In 2010, following a family visit to the Moroccan-controlled part of Western Sahara, he announced on August 9, he wanted to open dialogue within the POLISARIO, on the Moroccan autonomy initiative for settling the conflict in Western Sahara. On August 30, 2010, he attempted to return to the Tindouf camps crossing the highly militarized Moroccan wall. He was detained by Sahrawi People's Liberation Army troops on September 21 at the liberated territories, and accused of high treason.

M. Brahim Ghali, ambassador of the Sahrawi Arabic Democratic Republic in Algiers, described Mustapha Salma as a traitor.

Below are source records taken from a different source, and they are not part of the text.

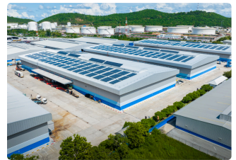
WAREHOUSES & COLD STORAGES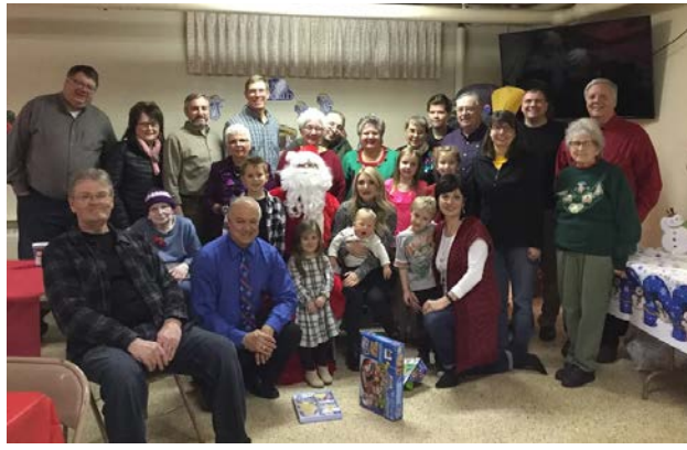
KSKJ Members gather for a group photo at Lodge 171's recent Christmas Party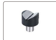
V-type anvil (included) for cylinders with diameter Ø4~60mm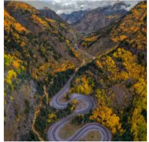
MILLION DOLLAR HIGHWAY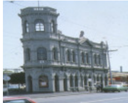
1 former north fitzroy port office st georges road fitzroy front corner elevation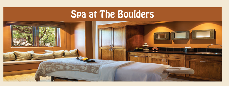
Restore mind and body at our 33,000 sq. ft. spa, offering stimulating revitalization through the art of massage, the science of facials, and other refreshing therapies infused with ingredients from the Boulders' desert environment.

Fitness Center open daily from 7am to 5pm Spa Pool access included with Service Services available Wed - Sun from 10am to 3pm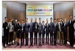
EVuff@EVTrend 2023/03/16 COEX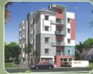
HSR Sai Nilayam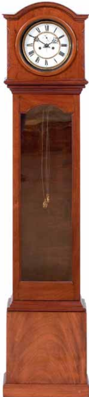
446 AN EARLY 20TH CENTURY MAHOGANY LONG CASE CLOCK, OF DIMINUTIVE SIZE The 7in. dial with Roman numerals, subsidiary seconds dial, the twin train weight driven movement striking a gong, contained within a case with glazed trunk raised on a box base with bracket feet (probably constructed from a Vienna wall clock), 31cm wide, 18cm deep, 147cm high (12in wide, 7in deep, 57 1/2in high). £400 - 600 €440 - 660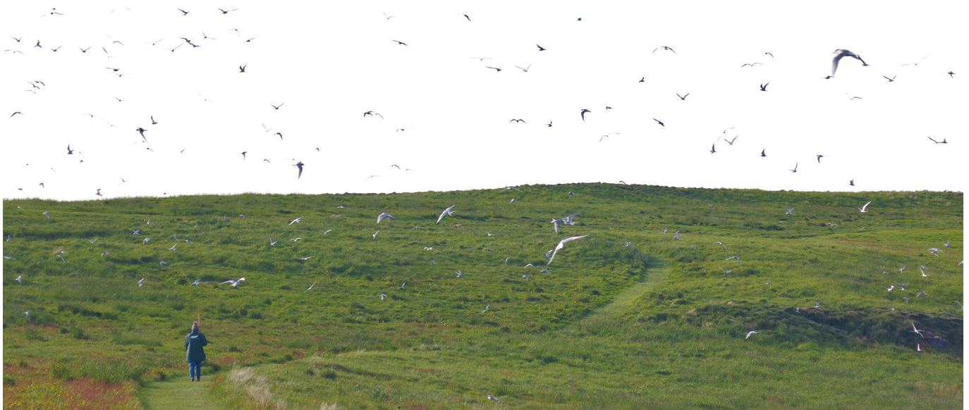
Fig. 2 - While moving towards the northern part of Vigur Island, one person inadvertently triggers a defensive reaction within the Arctic tern colony. / Mentre si sposta verso la parte settentrionale dell'isola di Vigur, una persona inavvertitamente scatena una reazione difensiva all'interno della colonia di sterne artiche.

Researchers must also consider Vigur Island's predominant activity of Eiderdown farming. During the first two weeks of June, eider down is systematically collected across designated sections of Vigur Island. When approaching a nest, the farmer carefully lifts the incubating duck – if it hasn't already flown away – temporarily moves the eggs aside and collects the down. The down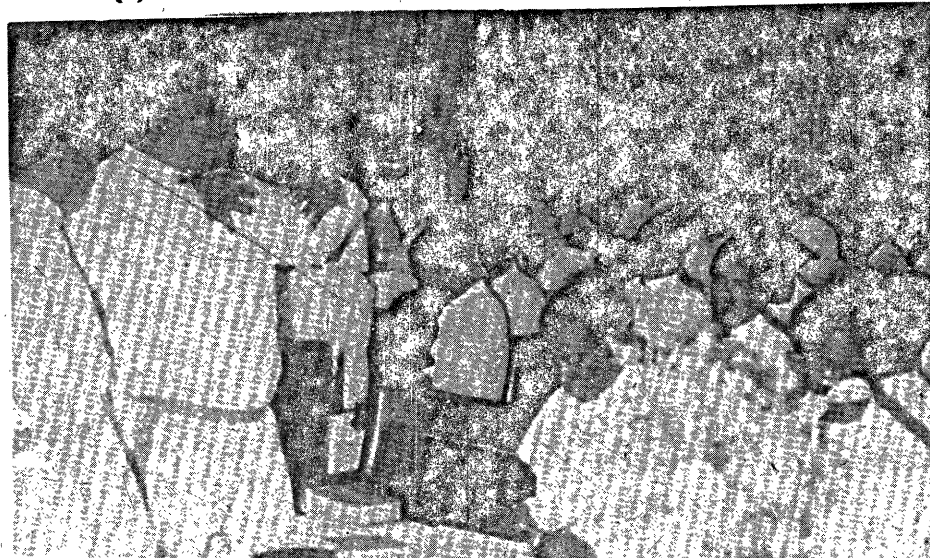
The Apostles/Evangelists fellowship Chairman addressing members during their meeting.

He warned against being in friendship with the world for "whosoever loves the world and the things therein, the love of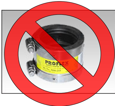
Fernco® Proflex Coupling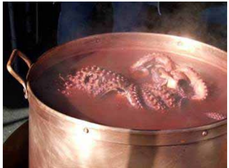
Above: Or would you prefer some Octopus? They were cooked for about 10 minutes and then served in slices, sprinkled with spicy olive oil. Very tasty!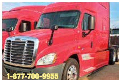
2016 Freightliner Cascadia 125, 72" Mid Roof Sleeper, 3.08 Ratio, Mid Roof Sleeper, Detroit Diesel Engine, 455 HP, Air Ride Suspension, Warranty. New . (GLGZ8818-SHV-2)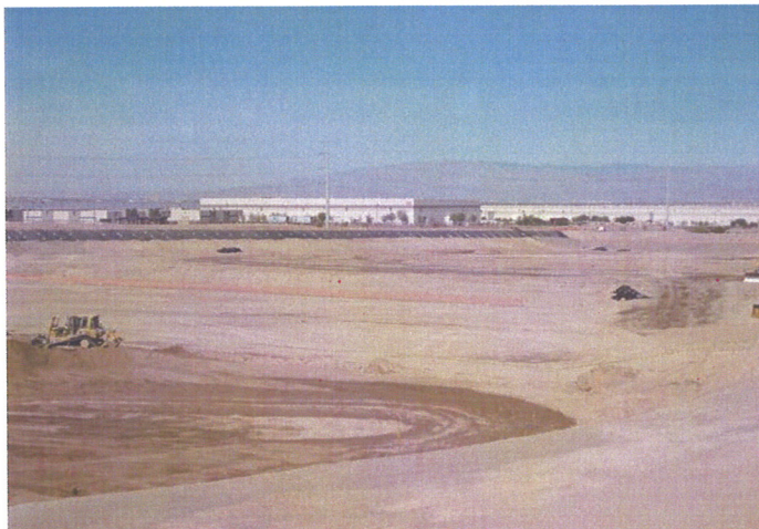
CAMU: Phase 2. Western ditch grading the floor.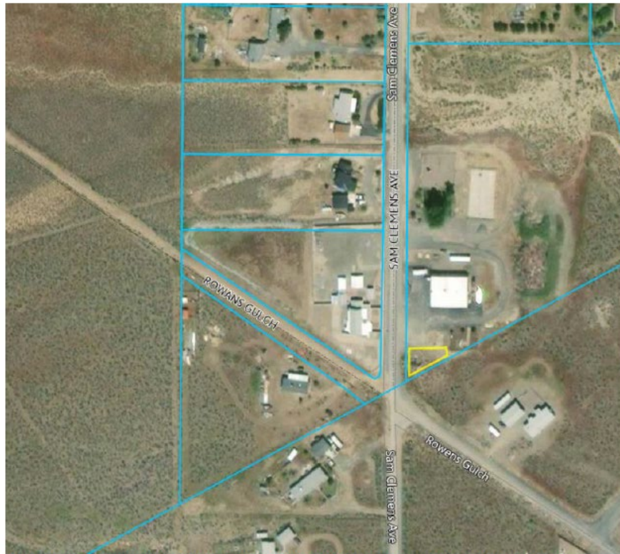
Mark Twain area – signs must be located a minimum of 100-feet from the entrance to the polling location.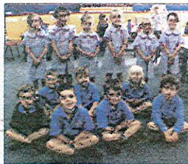
New at school, p 5.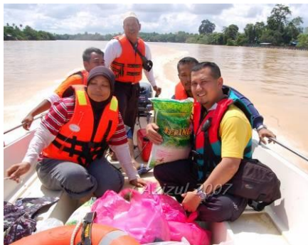
Delivering food supplies during Dec 2007 Pahang flood.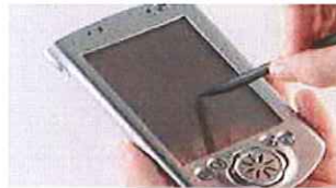
Cell phones with video displays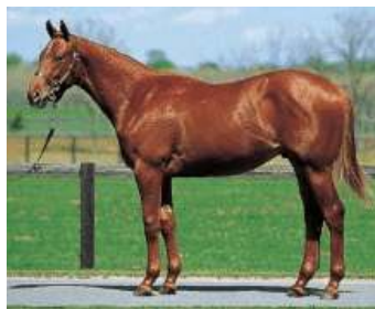
Yesterday's record topper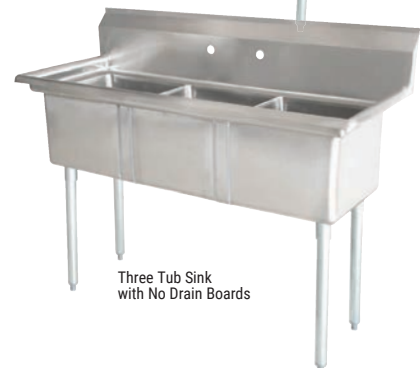
Three Tub Sink with No Drain Boards

website: www.omcan.com email: sales@omcan.com call: 1.800.465.0234 fax: 905.607.0234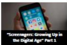
"Screenagers: Growing Up in the Digital Age" Part 1

Registration information for each session will be sent via email closer to each date. Sessions will be a mix of in-person, hybrid or virtual events.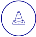
INCREASING FREQUENCY OF LIABILITY LOSSES

In an increasingly complex world, multinational companies with more than 5000 employees have to face new challenges: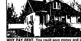
WHY PAY RENT. You could save money and build equity. Wonderfully updated contemporary interior. 2 bedrooms, 2 baths, vaulted ceilings, white kitchen, finished basement, 2 car garage. $112,500 (ED-B-28LIN) Call 644-6700 (503957)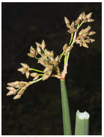
COMMON TULE (Schoenoplectus acutus var. occidentalis) Native Perennial - Sedge Family -(Summer) - Common. Marshes, shores, fens, shallow lakes, often emergent - Stem 3.3-13' tall, fat, round x-section, blue-green.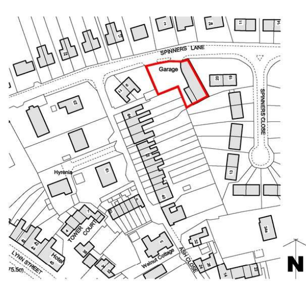
LOCATION PLAN SCALE 1:1250 Project : Proposed Residential Development, Spinners Lane Garage, Swaffham, PE37 7LR Client : Mr Phillip Wattam Title : Site & Location Plan Revision Details : Issue Date : 13/02/2018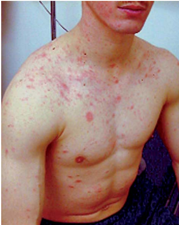
Figure 3. Erythema multiforme reaction on the torso of patient 3.

in October 2001. In all, there were 11 confirmed cases of inhalation anthrax, resulting in 5 fatalities. In addition, there were 7 confirmed cases and 4 suspected cases of cutaneous anthrax. Twenty of the 22 cases were unquestionably linked to mail contaminated with a single strain of Bacillus anthracis . 1 Anthrax is easy and cheap to produce and can be stored for prolonged periods, with spores survivable for decades in ambient conditions. 2 The spores are resistant to dryness, heat, UV light, gamma radiation, and many disinfectants. 3 In addition, anthrax is odorless, colorless, tasteless, and difficult to detect, thus making it a likely choice for future biological attacks. After the first gulf war, Iraq admitted to producing and deploying weaponized anthrax in missiles. 4 The Sverdlovsk anthrax outbreak in the former Soviet Union occurred after the accidental release of aerosolized anthrax spores from a bioweapons facility and resulted in as many as 250 cases with 100 deaths. 2 Fortunately, we have a vaccine that has been judged safe and effective by the US Food and Drug Administration (FDA), Centers for Disease Control and Prevention, and National Academy of Sciences. Protecting the health of US military forces who defend our vital interests is a national obligation. 5 The trade-off for force protection of our military personnel involves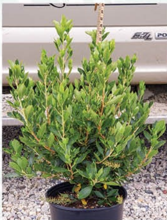
CLETHRA ALNIFOLIA 'HUMMINGBIRD' HUMMINGBIRD SUMMERSWEET

Height: 4 - 8', Foliage: Green, Spread: 4 - 6', Fall Foliage: Yellow, Zone: 4 - 9, Shape: Upright

On October 8, 2010, there was a protest about the disappearance at the Embassy of Algeria in Washington, D.C. In October 2010, there was a report of his release. In December 2010, he was released to the United Nations High Commissioner for Refugees at the Western Sahara-Mauritania border.

Since his release, Sidi Mouloud had stayed in Mauritania, not returning to Morocco or the Western Sahara, and he had not made any declaration.